Set down each line of the data exactly, but not the pictures.

## Data below
━━━━━━━━━━━━━━━━━━━━
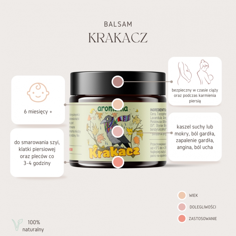 Z kolei Balsam Krakacz, bogaty w naturalne składniki takie jak masło mango i olej migdałowy, jest przeznaczony do nacierania klatki piersiowej, pleców i stóp, zapewniając nawilżenie i odżywienie skóry. Wzbogacony o siedem olejków eterycznych, balsam pomaga łagodzić dolegliwości związane z przeziębieniem, takie jak kaszel czy ból gardła.
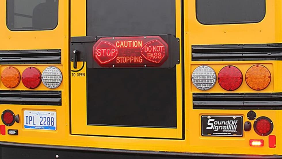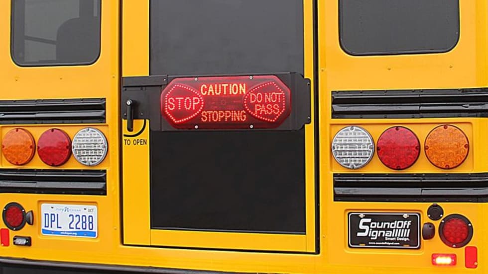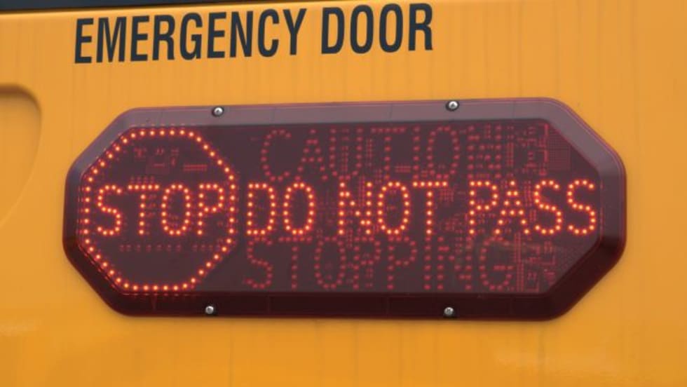 The newly passed legislation allows school buses to be equipped with an electronic sign that alerts other drivers when the bus stops.
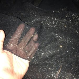 Sunny Taylor XL black metallic top gold threaded overlay at shoulder NWOT
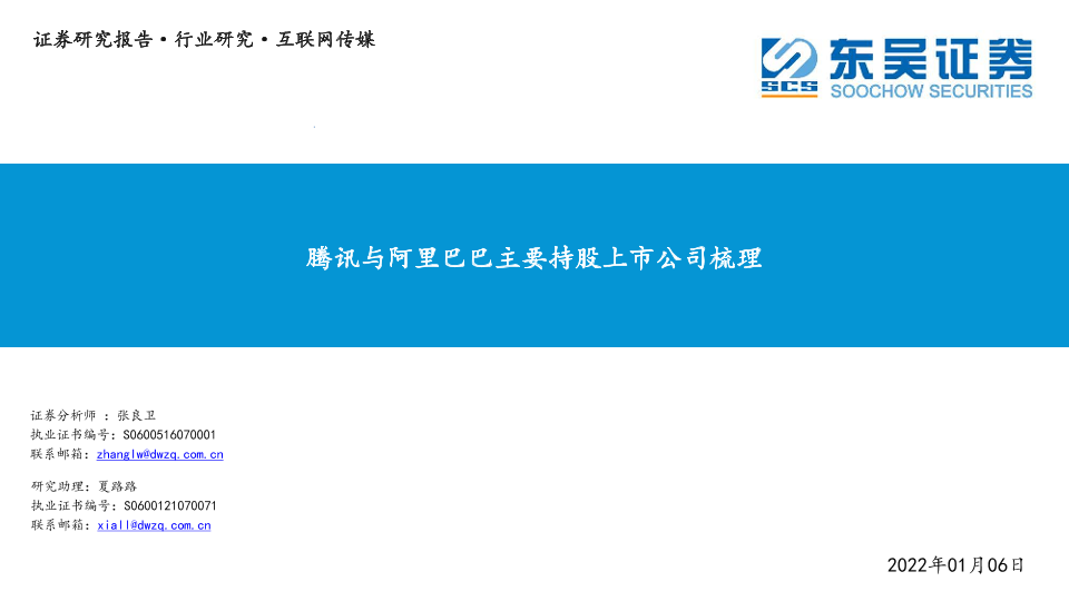 【东吴证券】【20220106】互联网传媒行业:腾讯与阿里巴巴主要持股上市公司梳理-19页
━━━━━━━━━━━━━━━━━━━━
## Solution to the problem
 Z kolei Balsam Krakacz, bogaty w naturalne składniki takie jak masło mango i olej migdałowy, jest przeznaczony do nacierania klatki piersiowej, pleców i stóp, zapewniając nawilżenie i odżywienie skóry. Wzbogacony o siedem olejków eterycznych, balsam pomaga łagodzić dolegliwości związane z przeziębieniem, takie jak kaszel czy ból gardła.
 The newly passed legislation allows school buses to be equipped with an electronic sign that alerts other drivers when the bus stops.
 Sunny Taylor XL black metallic top gold threaded overlay at shoulder NWOT
 【东吴证券】【20220106】互联网传媒行业:腾讯与阿里巴巴主要持股上市公司梳理-19页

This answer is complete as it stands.